Pour répondre à ces problèmes, un groupe de scientifiques est en train de forger un nouveau domaine appelé " désapprentissage automatique " qui tente d'entraîner les algorithmes à " oublier " les morceaux de données offensants.
Un expert en la matière, Meghdad Kurmanji, de l'université de Warwick en Grande-Bretagne, a déclaré à l'AFP que le sujet avait commencé à susciter un réel intérêt au cours des trois ou quatre dernières années.
Parmi ceux qui en ont pris note se trouve Google DeepMind, la branche IA du géant californien d'un billion de dollars.
Les experts de Google ont co-écrit un article avec Kurmanji publié le mois dernier qui proposait un algorithme pour nettoyer certaines données de grands modèles de langage – les algorithmes qui sous-tendent ChatGPT et le chatbot Bard de Google.
Google a également lancé en juin un concours permettant à d'autres d'affiner les méthodes de désapprentissage, qui a jusqu'à présent attiré plus de 1 000 participants.
Kurmanji a déclaré que le désapprentissage pourrait être un " outil très intéressant " permettant aux moteurs de recherche de gérer les demandes de retrait en vertu des lois sur la confidentialité des données, par exemple.
Il a également déclaré que son algorithme avait obtenu de bons résultats aux tests visant à supprimer le matériel protégé par le droit d'auteur et à corriger les biais.
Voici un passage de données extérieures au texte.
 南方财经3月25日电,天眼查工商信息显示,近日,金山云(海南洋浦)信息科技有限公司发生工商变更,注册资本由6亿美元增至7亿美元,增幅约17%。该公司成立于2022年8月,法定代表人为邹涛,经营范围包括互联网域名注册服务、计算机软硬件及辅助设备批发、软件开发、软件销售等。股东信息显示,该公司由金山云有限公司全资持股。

Cependant, les élites de la Silicon Valley ne sont pas toutes enthousiastes.
Yann LeCun, responsable de l'IA chez Meta, propriétaire de Facebook, qui investit également des milliards dans la technologie de l'IA, a déclaré à l'AFP que l'idée du désapprentissage automatique figurait loin dans sa liste de priorités.
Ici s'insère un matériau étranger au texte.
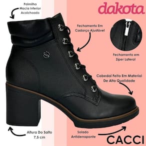 O salto bloco alto de 7,5 cm garante estabilidade e sofisticação ao caminhar, enquanto a sola tratorada oferece firmeza em cada passo. Seu cano possui 15,5 cm de altura e 18,5 cm de circunferência, proporcionando um ajuste confortável ao tornozelo, com cadarços que permitem adaptar perfeitamente aos pés. Com peso leve de 0,932 kg, essa bota entrega conforto sem pesar.
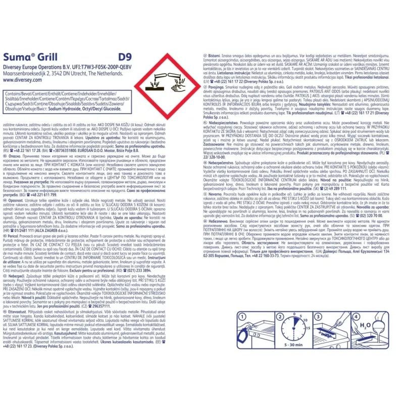 Способ применения: Чистка печей/грилей 1. Убедиться, что температура поверхности ниже 80°С (оптимальная температура 60-80°С). 2. Распылить неразбавленный продукт на поверхность или оборудование (рекомендуется использовать прилагаемый пенный распылитель с удлинительной трубкой). 3. Оставить на 5-30 минут в зависимости от загрязнения. 4. Удалить крупные загрязнения щеткой или металлической мочалкой. 5. Промыть чистой горячей водой и оставить самостоятельно высыхать. Чистка фритюрниц. 1. Смыть масло и закрыть клапан. 2. Наполнить водой емкость до уровня масла. 3. Добавить 1 л средства Suma Grill D9 на каждые 10 л воды (10%). Проверить уровень наполнения. 4. Включить фритюрницу и довести до контролируемого кипения на 15-30 минут. 5. После охлаждения и слива удалить оставшиеся загрязнения со стенок и нагревающих элементов металлической мочалкой или губкой. 6. Промыть дважды чистой горячей водой и оставить самостоятельно высыхать. Чистка вытяжек гриля. 1. Разобрать вытяжку гриля. 2. Поместить элементы вытяжки в раствор (50-100мл средства на 1л горячей воды (5-10% раствор)). 3. Оставить на 15-60 минут. 4. Тщательно промыть чистой водой и оставить самостоятельно высыхать. В соответствии с рекомендованными правилами применения средство Suma Grill D9 может использоваться на всех стандартных поверхностях из нержавеющей стали на кухнях. Запрещается использовать на материалах, не стойких к воздействию щелочной средой, например, алюминий, медь и т.д.

"Je ne dis pas que c'est inutile, inintéressant ou faux", a-t-il déclaré à propos de l'article rédigé par Kurmanji et d'autres. "Mais je pense qu'il y a des sujets plus importants et plus urgents."
LeCun a déclaré qu'il s'efforçait de permettre aux algorithmes d'apprendre plus rapidement et de récupérer les faits plus efficacement plutôt que de leur apprendre à oublier.
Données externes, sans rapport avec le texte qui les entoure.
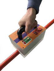(4)將檢測儀v形電極對準桿、棒、繩索并滑動使其全部通過檢測,觀察led顯示屏狀態(tài):一旦紅色的燈亮起,表示被測物體不合格,將檢測儀轉(zhuǎn)向再做幾次測試。若被測試品直徑超過39mm,將桿或管旋轉(zhuǎn)90度再做幾次測試。
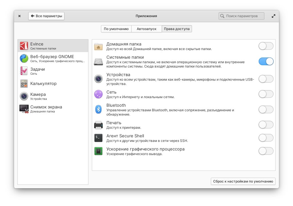 Преимущества Flatpak — изолирование приложений и система разрешений. В разделе настроек «Приложения» появилась новая вкладка «Права доступа», в котором можно разрешить или ограничить Flatpak-приложениям доступ к устройствам, сети, системе и так далее.
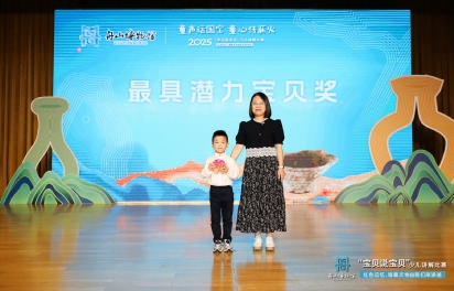 幼儿组的小选手同样令人惊喜,十号选手带来了对清代木雕添金如意的讲解,虽然嗓音稚嫩,但他丰富的肢体动作和细致流畅的讲解引得现场观众笑声连连。孩子们用童趣视角解读文物,让历史不再遥远,而是可触可感的“身边故事”。

Mais il semble y avoir une large acceptation dans le monde universitaire du fait que les entreprises d'IA devront pouvoir supprimer des informations de leurs modèles pour se conformer à des lois telles que le règlement européen sur la protection des données (RGPD).
"La possibilité de supprimer des données des ensembles de formation est un aspect essentiel pour l'avenir", a déclaré Lisa Given de l'Université RMIT de Melbourne en Australie.
Cependant, elle a souligné qu'on ignorait tellement de choses sur la manière dont les modèles fonctionnaient - et même sur les ensembles de données sur lesquels ils étaient formés - qu'une solution pourrait être encore loin.
Michael Rovatsos, de l'Université d'Édimbourg, pourrait également constater l'apparition de problèmes techniques similaires, en particulier si une entreprise était bombardée de demandes de retrait.
Il a ajouté que le désapprentissage ne résolvait en rien les questions plus larges concernant l'industrie de l'IA, comme la façon dont les données sont collectées, qui profite de leur utilisation ou qui assume la responsabilité des algorithmes qui causent des dommages.
"La solution technique n'est pas la panacée", a-t-il déclaré.
Alors que la recherche scientifique en est à ses balbutiements et que la réglementation est quasiment inexistante, Brian Hood – qui est un fan de l'IA malgré son expérience avec ChatGPT – a suggéré que nous étions encore à l'ère des solutions démodées.
"Quand il s'agit de ces chatbots qui génèrent des déchets, les utilisateurs n'ont qu'à tout vérifier", a-t-il déclaré.